Bridging the Gap between Low-Light Scenes: Bilevel Learning for Fast Adaptation

2021 
Brightening low-light images of diverse scenes is a challenging but widely concerned task in the multimedia community. Convolutional Neural Networks (CNNs) based approaches mostly acquire the enhanced model by learning the data distribution from the specific scenes. However, these works present poor adaptability (even fail) when meeting real-world scenarios that never encountered before. To conquer it, we develop a novel bilevel learning scheme for fast adaptation to bridge the gap between low-light scenes. Concretely, we construct a Retinex-induced encoder-decoder with an adaptive denoising mechanism, aiming at covering more practical cases. Different from existing works that directly learn model parameters by using the massive data, we provide a new hyperparameter optimization perspective to formulate a bilevel learning scheme towards general low-light scenarios.
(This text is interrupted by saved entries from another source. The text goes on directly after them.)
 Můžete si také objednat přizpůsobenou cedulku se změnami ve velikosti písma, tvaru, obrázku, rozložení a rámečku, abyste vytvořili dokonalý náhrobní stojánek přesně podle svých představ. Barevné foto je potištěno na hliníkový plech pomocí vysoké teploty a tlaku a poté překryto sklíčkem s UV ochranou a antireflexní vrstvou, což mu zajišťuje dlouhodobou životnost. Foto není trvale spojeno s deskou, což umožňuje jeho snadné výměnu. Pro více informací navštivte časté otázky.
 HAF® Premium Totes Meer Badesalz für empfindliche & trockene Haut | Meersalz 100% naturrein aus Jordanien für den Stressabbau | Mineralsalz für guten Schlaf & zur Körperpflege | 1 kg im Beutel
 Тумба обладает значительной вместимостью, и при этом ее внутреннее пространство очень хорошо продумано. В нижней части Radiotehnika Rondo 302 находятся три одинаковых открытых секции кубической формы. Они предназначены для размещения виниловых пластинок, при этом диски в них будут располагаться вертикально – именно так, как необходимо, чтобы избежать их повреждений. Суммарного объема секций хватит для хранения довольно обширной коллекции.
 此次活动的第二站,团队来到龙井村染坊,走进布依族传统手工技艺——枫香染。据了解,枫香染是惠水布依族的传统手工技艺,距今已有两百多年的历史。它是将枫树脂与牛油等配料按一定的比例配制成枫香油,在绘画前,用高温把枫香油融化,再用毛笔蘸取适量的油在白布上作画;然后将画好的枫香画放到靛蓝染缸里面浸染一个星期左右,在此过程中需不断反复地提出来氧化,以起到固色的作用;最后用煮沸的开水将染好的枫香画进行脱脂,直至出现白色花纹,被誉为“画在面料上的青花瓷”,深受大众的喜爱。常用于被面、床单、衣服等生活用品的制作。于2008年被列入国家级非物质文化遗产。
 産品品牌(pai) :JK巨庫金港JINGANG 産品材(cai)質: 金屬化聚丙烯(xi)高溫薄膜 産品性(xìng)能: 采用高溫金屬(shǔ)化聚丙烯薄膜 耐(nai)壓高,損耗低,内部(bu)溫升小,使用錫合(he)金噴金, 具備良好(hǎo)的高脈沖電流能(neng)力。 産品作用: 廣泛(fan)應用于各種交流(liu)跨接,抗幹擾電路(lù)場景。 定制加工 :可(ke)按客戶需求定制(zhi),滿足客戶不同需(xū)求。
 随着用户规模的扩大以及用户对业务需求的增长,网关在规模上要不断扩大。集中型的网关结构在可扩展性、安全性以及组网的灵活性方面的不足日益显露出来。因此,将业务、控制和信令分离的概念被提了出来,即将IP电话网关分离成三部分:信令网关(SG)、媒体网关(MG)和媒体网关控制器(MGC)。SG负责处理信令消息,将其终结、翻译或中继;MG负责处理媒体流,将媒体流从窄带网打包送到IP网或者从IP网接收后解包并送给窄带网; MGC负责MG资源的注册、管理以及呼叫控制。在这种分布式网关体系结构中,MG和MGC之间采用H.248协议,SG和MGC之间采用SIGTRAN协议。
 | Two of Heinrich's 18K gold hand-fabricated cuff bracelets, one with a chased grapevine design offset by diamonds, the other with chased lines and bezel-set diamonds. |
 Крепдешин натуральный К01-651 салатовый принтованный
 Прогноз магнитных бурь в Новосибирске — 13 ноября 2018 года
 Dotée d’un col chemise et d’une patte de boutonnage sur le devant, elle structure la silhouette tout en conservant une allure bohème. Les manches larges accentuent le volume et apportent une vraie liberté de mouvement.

This scheme depicts the latent correspondence (i.e., scene-irrelevant encoder) and the respective characteristic (i.e., scene-specific decoder) among different data distributions. Due to the expensive inner optimization, estimating the hyper-parameter gradient exactly can be prohibitive, we develop an approximate hyper-parameter gradient method by introducing the one-step forward approximation and finite difference approximation to ensure the high-efficient inference. Extensive experiments are conducted to reveal our superiority against other state-of-the-art methods. A series of analytical experiments are also executed to verify our effectiveness.